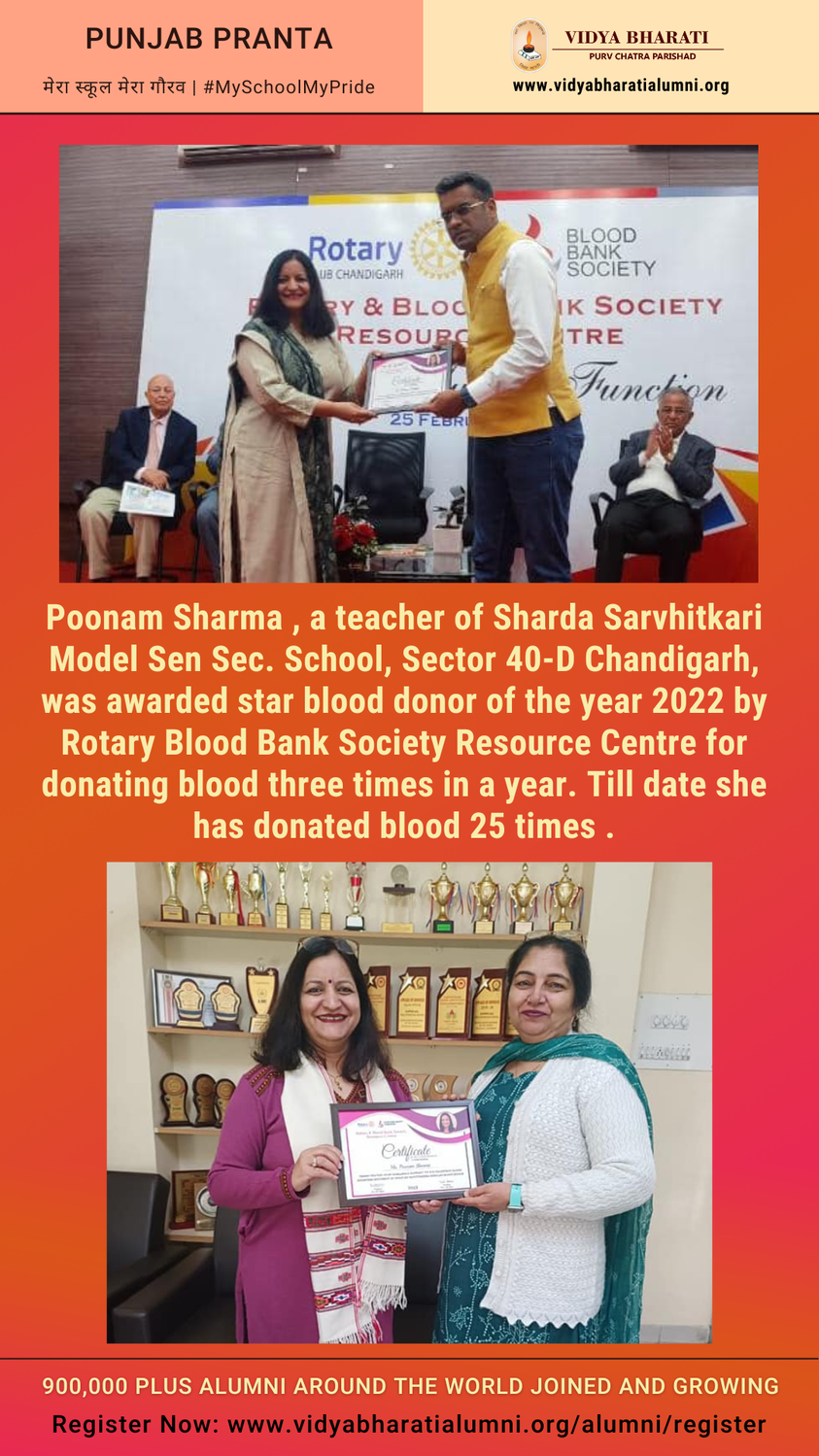 Poonam Sharma, a teacher of Sharda Sarvhitkari Model Sen Sec. School, Sector 40-D Chandigarh was awarded star blood donor of the year 2022 by Rotary Blood Bank Society Resource Centre for donating blood three times in a year. Till date she has donated blood 25 times .
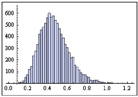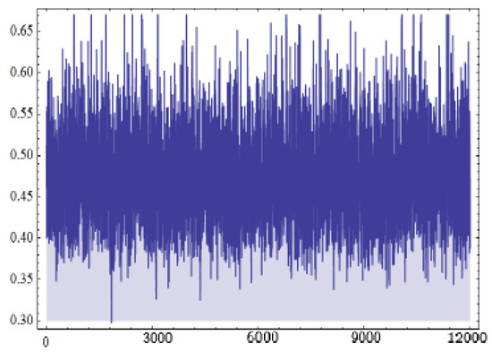 It is now necessary to describe the prior distributions for the parameters and in order to obtain the Bayesian estimate of R. We make the assumption that the noninformative gamma priors for and , i.e., when the hyperparameters are and are applicable as we lack prior knowledge. The initial values for the parameters , and were taken to be their MLEs and in order to run the MCMC procedure outlined in Section 4. Furthermore, 12,000 MCMC samples were produced. We remove the first 2000 samples as ’burn-in’ to eliminate the impact of the initial values. As a result, the Bayesian estimate of R and its corresponding CRI is calculated as and with average interval width . Figure 6 shows R’s 12,000 chain values. The R kernel density estimation and histogram are displayed in Figure 7.
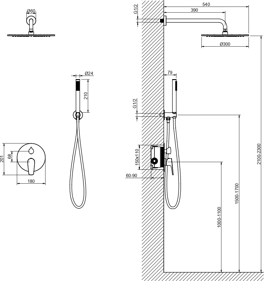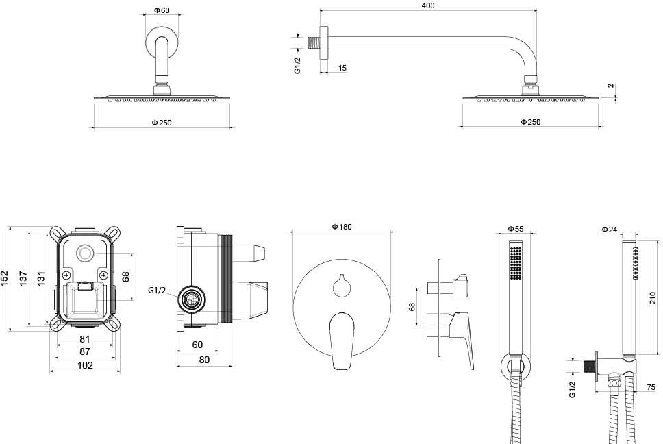 Характеристики душевая система без излива Aquatek (AQ1172BGM)
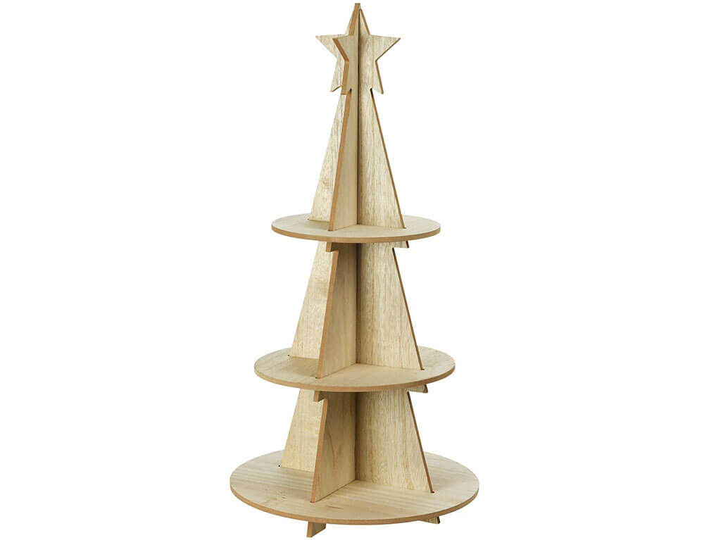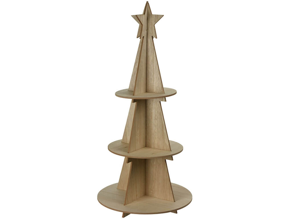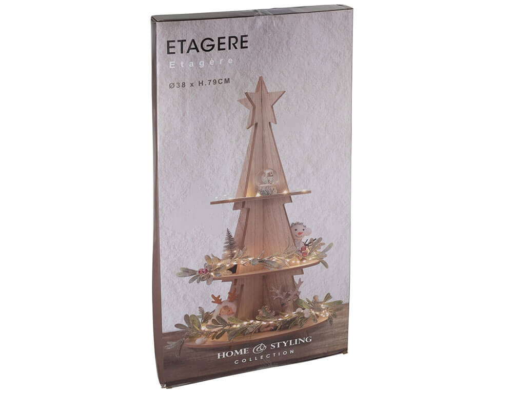 Αναβαθμίστε τη. εορταστική διακόσμηση του χώρου σας με την εταζέρα με 3 επίπεδα. Με την εταζέρα σε σχήμα χριστουγεννιάτικου δέντρου έχετε τη δυνατότητα να αναδείξετε με μοναδικό τρόπο διάφορα διακοσμητικά και να δημιουργήσετε ιδιαίτερες συνθέσεις. Παράλληλα, μπορεί να χρησιμοποιηθεί και για να σερβίρετε διάφορα γλυκίσματα στους καλεσμένους σας και να αναβαθμίσετε το εορταστικό τραπέζι. Είνα κατασκευασμένη από ξύλο λεύκας, ένα ανθεκτικό υλικό, το οποίο θα δώσει και μια φυσική αίσθηση στο χώρο σας.
────────────────────
§ What is needed:
Copy out every line of the material above precisely, omitting the pictures.

§ Solved problem:
 Poonam Sharma, a teacher of Sharda Sarvhitkari Model Sen Sec. School, Sector 40-D Chandigarh was awarded star blood donor of the year 2022 by Rotary Blood Bank Society Resource Centre for donating blood three times in a year. Till date she has donated blood 25 times .
 It is now necessary to describe the prior distributions for the parameters and in order to obtain the Bayesian estimate of R. We make the assumption that the noninformative gamma priors for and , i.e., when the hyperparameters are and are applicable as we lack prior knowledge. The initial values for the parameters , and were taken to be their MLEs and in order to run the MCMC procedure outlined in Section 4. Furthermore, 12,000 MCMC samples were produced. We remove the first 2000 samples as ’burn-in’ to eliminate the impact of the initial values. As a result, the Bayesian estimate of R and its corresponding CRI is calculated as and with average interval width . Figure 6 shows R’s 12,000 chain values. The R kernel density estimation and histogram are displayed in Figure 7.
 Характеристики душевая система без излива Aquatek (AQ1172BGM)
 Αναβαθμίστε τη. εορταστική διακόσμηση του χώρου σας με την εταζέρα με 3 επίπεδα. Με την εταζέρα σε σχήμα χριστουγεννιάτικου δέντρου έχετε τη δυνατότητα να αναδείξετε με μοναδικό τρόπο διάφορα διακοσμητικά και να δημιουργήσετε ιδιαίτερες συνθέσεις. Παράλληλα, μπορεί να χρησιμοποιηθεί και για να σερβίρετε διάφορα γλυκίσματα στους καλεσμένους σας και να αναβαθμίσετε το εορταστικό τραπέζι. Είνα κατασκευασμένη από ξύλο λεύκας, ένα ανθεκτικό υλικό, το οποίο θα δώσει και μια φυσική αίσθηση στο χώρο σας.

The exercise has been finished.